─── Supplied material

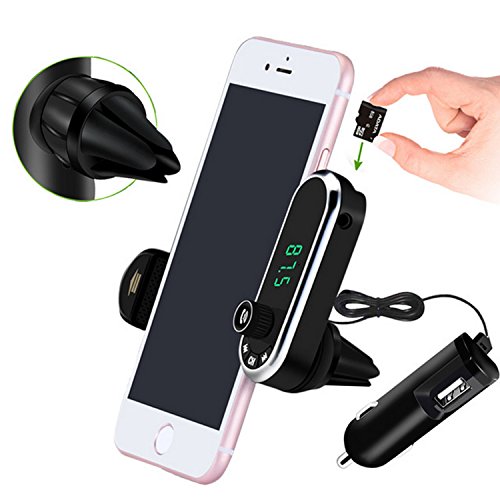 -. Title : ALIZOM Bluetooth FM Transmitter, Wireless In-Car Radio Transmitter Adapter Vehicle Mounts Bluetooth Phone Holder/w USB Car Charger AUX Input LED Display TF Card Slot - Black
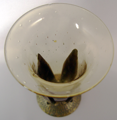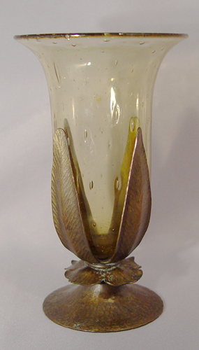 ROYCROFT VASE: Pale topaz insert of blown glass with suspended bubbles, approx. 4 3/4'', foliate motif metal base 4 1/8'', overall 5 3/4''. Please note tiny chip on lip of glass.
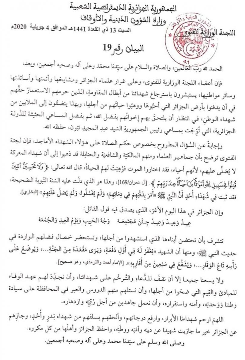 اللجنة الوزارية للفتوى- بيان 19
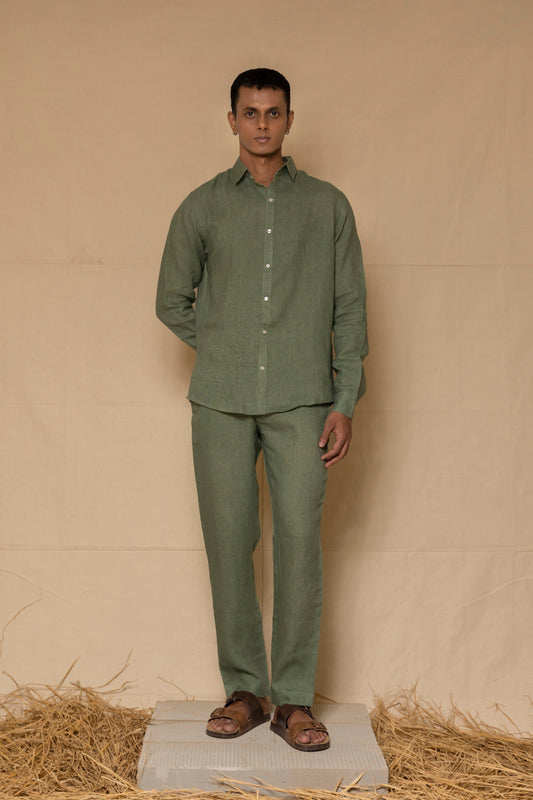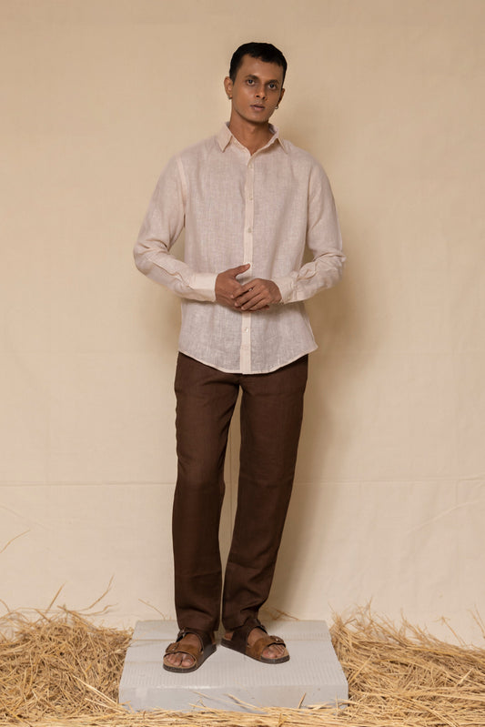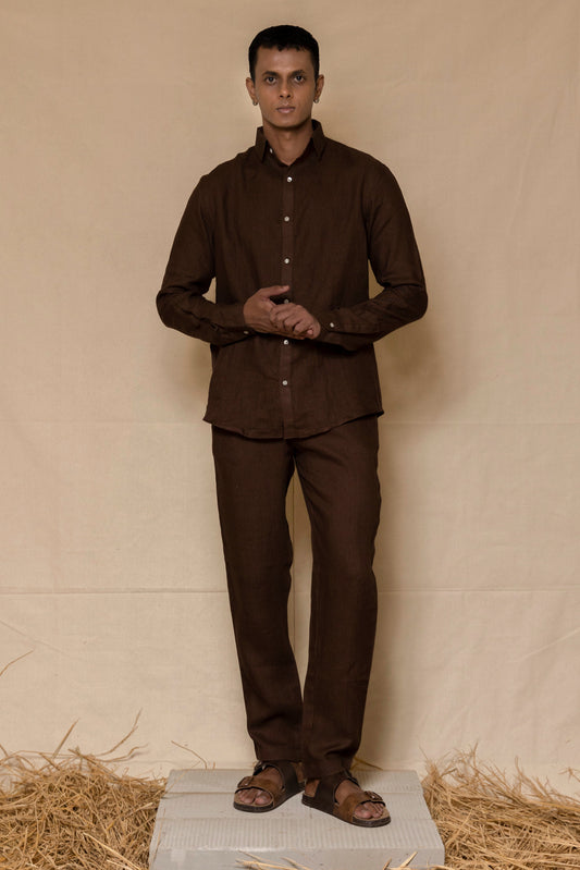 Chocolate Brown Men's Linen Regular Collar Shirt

──────

### What to produce:
In the material above, retype exactly the lines that run from the one containing "ROYCROFT VASE: Pale" through the last line, and keep out the pictures.

### Output:
 ROYCROFT VASE: Pale topaz insert of blown glass with suspended bubbles, approx. 4 3/4'', foliate motif metal base 4 1/8'', overall 5 3/4''. Please note tiny chip on lip of glass.
 اللجنة الوزارية للفتوى- بيان 19
 Chocolate Brown Men's Linen Regular Collar Shirt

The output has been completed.